→ **Records shown**
==================================================

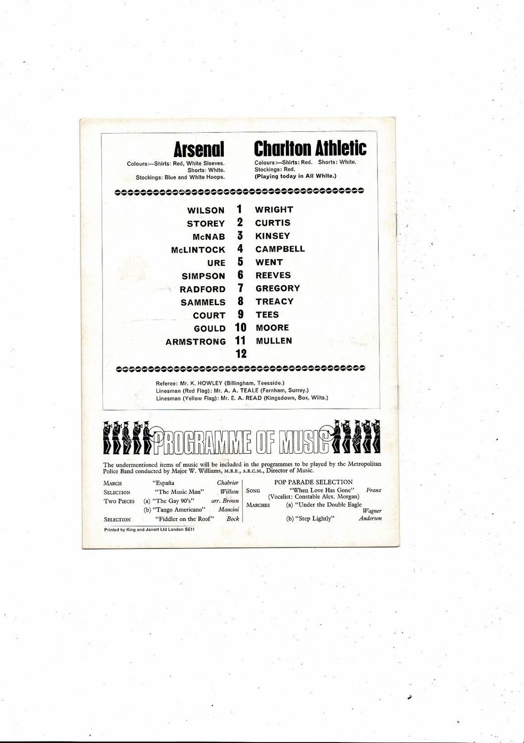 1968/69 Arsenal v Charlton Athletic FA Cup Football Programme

==================================================

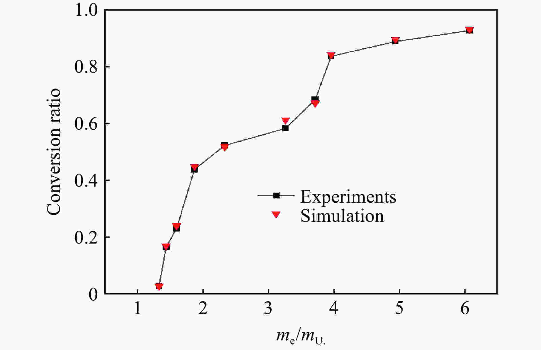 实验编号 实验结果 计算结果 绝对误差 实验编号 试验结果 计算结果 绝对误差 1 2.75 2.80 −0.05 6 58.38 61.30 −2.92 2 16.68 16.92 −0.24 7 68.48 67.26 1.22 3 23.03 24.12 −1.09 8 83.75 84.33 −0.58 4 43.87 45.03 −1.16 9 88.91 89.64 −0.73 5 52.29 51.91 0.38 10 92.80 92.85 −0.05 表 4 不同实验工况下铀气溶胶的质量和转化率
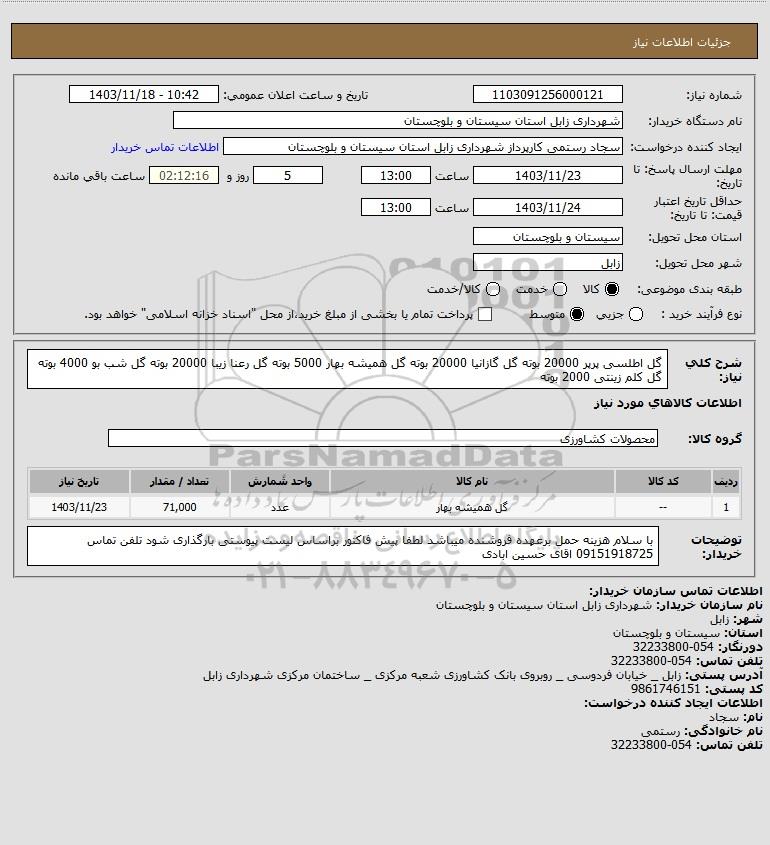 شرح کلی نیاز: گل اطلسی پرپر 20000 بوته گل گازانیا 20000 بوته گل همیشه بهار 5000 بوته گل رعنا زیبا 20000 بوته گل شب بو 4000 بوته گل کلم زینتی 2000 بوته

==================================================

→ **Assigned task**
Leaving pictures out, output the lines of the data above from the one with "实验编号 实验结果 计算结果" through the one with "شرح کلی نیاز: گل", word for word.

→ **Solution for this exercise**
 实验编号 实验结果 计算结果 绝对误差 实验编号 试验结果 计算结果 绝对误差 1 2.75 2.80 −0.05 6 58.38 61.30 −2.92 2 16.68 16.92 −0.24 7 68.48 67.26 1.22 3 23.03 24.12 −1.09 8 83.75 84.33 −0.58 4 43.87 45.03 −1.16 9 88.91 89.64 −0.73 5 52.29 51.91 0.38 10 92.80 92.85 −0.05 表 4 不同实验工况下铀气溶胶的质量和转化率
 شرح کلی نیاز: گل اطلسی پرپر 20000 بوته گل گازانیا 20000 بوته گل همیشه بهار 5000 بوته گل رعنا زیبا 20000 بوته گل شب بو 4000 بوته گل کلم زینتی 2000 بوته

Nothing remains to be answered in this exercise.